Improved detection of DNA Schistosoma haematobium from eggs extracted by bead beating in urine

Diagnosis of Schistosoma haematobium relies primarily on microscopical analysis of urine. The method is time consuming and requires some expertise. Genus-specific real-time PCRs have been developed, but we still observed low sensitivity. In the present study, in order to achieve a more sensitive DNA detection of eggs of S. haematobium in urine samples, we wanted to develop a novel protocol of DNA extraction using mechanic disruption of eggs by bead beating as supplementary step. We tested Schistosoma spp. internal transcribed spacer 2 real-time PCR after both methods with and without bead beating.

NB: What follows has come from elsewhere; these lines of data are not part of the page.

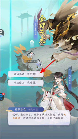 2、与神秘少女对话时,选择红色箭头指向的说话算话,我到吧选项,可同意其请求并推进剧情。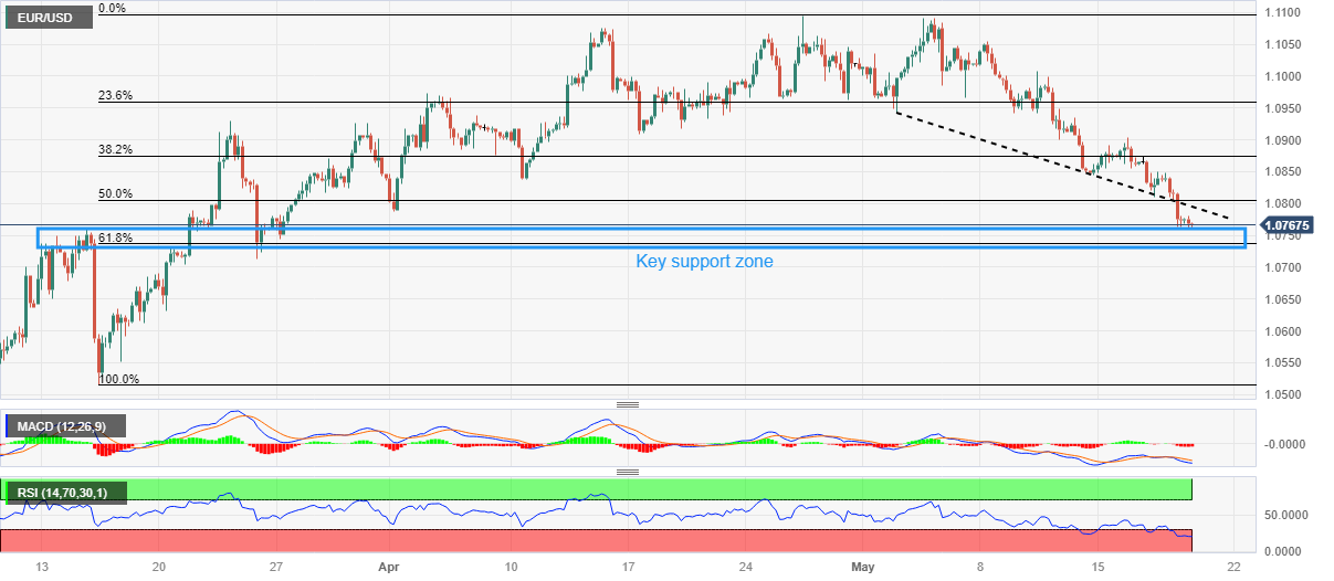 进入周五欧洲时段,欧元/美元依然承压于两个月最低水平,连续第四日下跌,欧元空头试探1.0750附近的短期关键支撑位。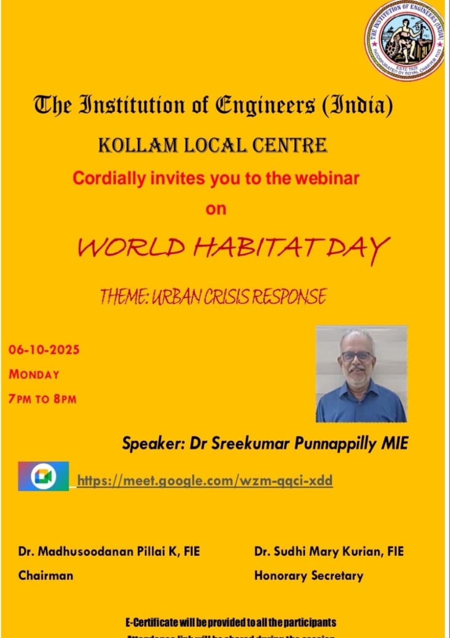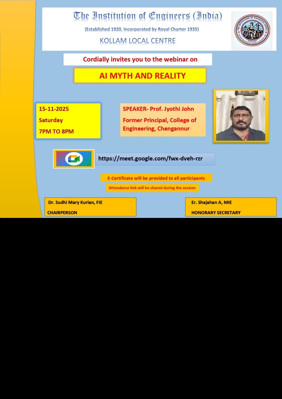 The Kollam Local Centre of IEl was established in 2010, housed in the campus of TKM College of Engineering, Kollam. At present, 1757 members attached to this centre and it covers the districts of Kollam, Pathanamthitta and Alappuzha.

First, we preliminary assessed the DNA detection after bead beating using dilution of 2, 10, 50, and 90 eggs/10 mL, and the Ct value analysis showed significant improved DNA detection per each point of egg concentration using the novel supplementary step. Twenty microscopy positive and five microscopy negative urine samples were used to validate the procedure. All urines came from imported cases and admitted at center for tropical medicine, and were examined by microscopy. PCR results after novel method with bead beating showed 100% to be positive for S. haematobium, compared with 85% positive by our standard extraction procedure. Results confirmed mechanic disruption of eggs by bead beating before DNA extraction to be highly effective method for the detection of S. haematobium DNA in urine. ELECTRONIC SUPPLEMENTARY MATERIAL: The online version of this article (10.1007/s00436-018-6137-7) contains supplementary material, which is available to authorized users.